Geocoding is georeferencing with subsequent resampling of the image raster. This means that a new image raster is defined along the x- and y-axes of the selected map projection.
Georeferencing explained that two-dimensional coordinate systems, e.g. an image system and a map system, can be related using geometric transformations. This georeferencing approach is useful in many situations. However, in some situations a geocoding approach, in which the row–column structure of the image is also transformed, is required. Geocoding is required when different images need to be combined or when the images are used in a GIS environment that requires all data to be stored in the same map projection. Distinguishing georeferencing and geocoding is conceptually useful, but to the casual software user it is often not apparent whether only georeferencing has been applied in certain image manipulations or also geocoding.
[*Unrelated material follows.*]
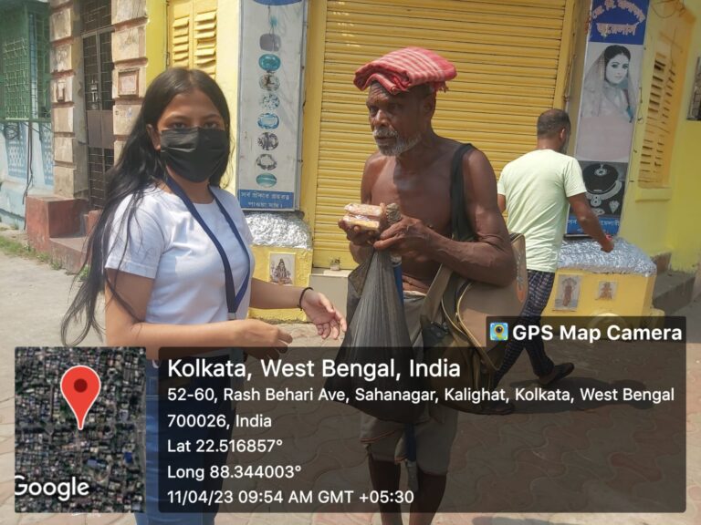 The distribution drive began at 8:30 am in Rowland Road ‘N.B. WELFARE Association with Prof. Gargi, Coordinator Harshit Modi, Rishabh Rathi, Badal Kumar Singh, and all NSS volunteers who distributed around 800 sandwiches. Then 2 different groups of volunteers went to Rashbehari Avenue crossing, Gopal Nagar, Rashbehari Gurudwara, Northern Park, Sambhunath Hospital, and distributed 1200 sandwiches.

The effect of geocoding is illustrated in the Figure below along with a georeferencing example.
The geocoding process comprises three main steps: (1) selection of a new grid spacing; (2) projection (using the transformation parameters) of each new raster element onto the original image; and (3) determination and storage of a DN for the new pixel.
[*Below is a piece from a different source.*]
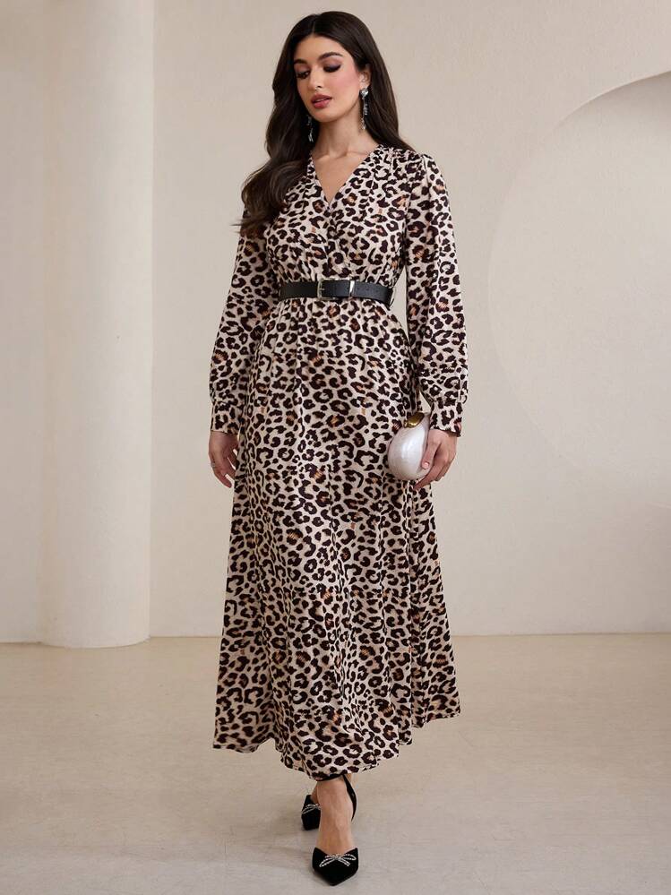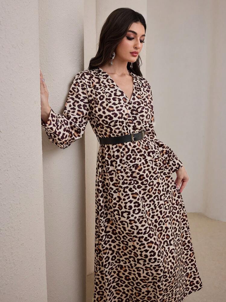 Wzorzysta sukienka midi pasek (L)

Figure 1 shows four transformation types that are frequently used in RS. The types shown increase from left to right in complexity and number of parameters required. In a conformal transformation, the image shape, including right angles, are retained. Therefore, only four parameters are needed to describe a shift along the x- and y-axes, a scale change, and the rotation. However, if you want to geocode an image to make it fit with another image or map, a higher-order transformation may be required, such as a projective or polynomial transformation.
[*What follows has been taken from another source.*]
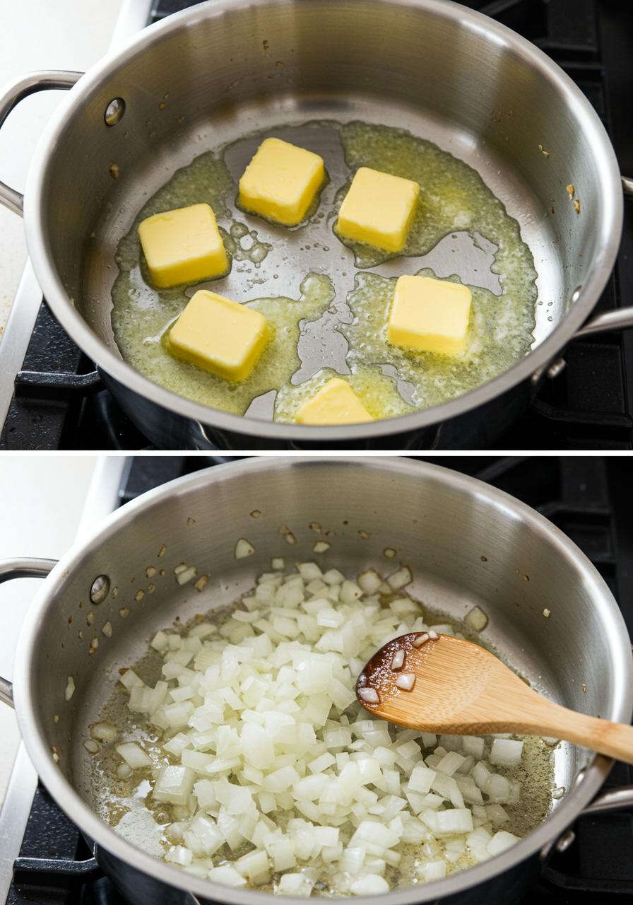 Drop butter into large saucepan and melt. Add in onions and saute until translucent. Add garlic, saute until lightly brown. Add grated ginger, carrots and veggie broth, simmer until carrots are tender.

Most of the projected raster elements of the new image will not match precisely with raster elements in the original image, as Figure 2 illustrates. Since raster data are stored in a regular row–column pattern, we need to calculate DNs for the pixel pattern of the corrected image intended. This calculation is performed by interpolation. This is called resampling of the original image.
For resampling, we usually use very simple interpolation methods, the main ones being nearest neighbour, bilinear, and bicubic interpolation (Figure 2). Consider the green grid to be the output image to be created. To determine the value of the centre pixel (bold), in nearest neighbour interpolation the value of the nearest original pixel is assigned, i.e. the value of the black pixel in this example. Note that the respective pixel centres, marked by small crosses, are always used for this process. In bilinear interpolation, a linear weighted average is calculated for the four nearest pixels in the original image (dark grey and black pixels). In bicubic interpolation a cubic weighted average of the values of 16 surrounding pixels (the black and all grey pixels) is calculated. Note that some software uses the terms “bilinear convolution” and “cubic convolution” instead of the terms introduced above.
The choice of the resampling algorithm depends, among other things, on the ratio between input and output pixel size and the intended use of the resampled image. Nearest neighbour resampling can lead to the edges of features being offset in a step-like pattern. However, since the value of the original cell is assigned to a new cell without being changed, all spectral information is retained, which means that the resampled image is still useful in applications such as digital image classification. The spatial information, on the other hand, may be altered in this process, since some original pixels may be omitted from the output image, or appear twice. Bilinear and bicubic interpolation reduce this effect and lead to smoother images. However, because the values of a number of pixels are averaged, radiometric information is changed (Figure 3).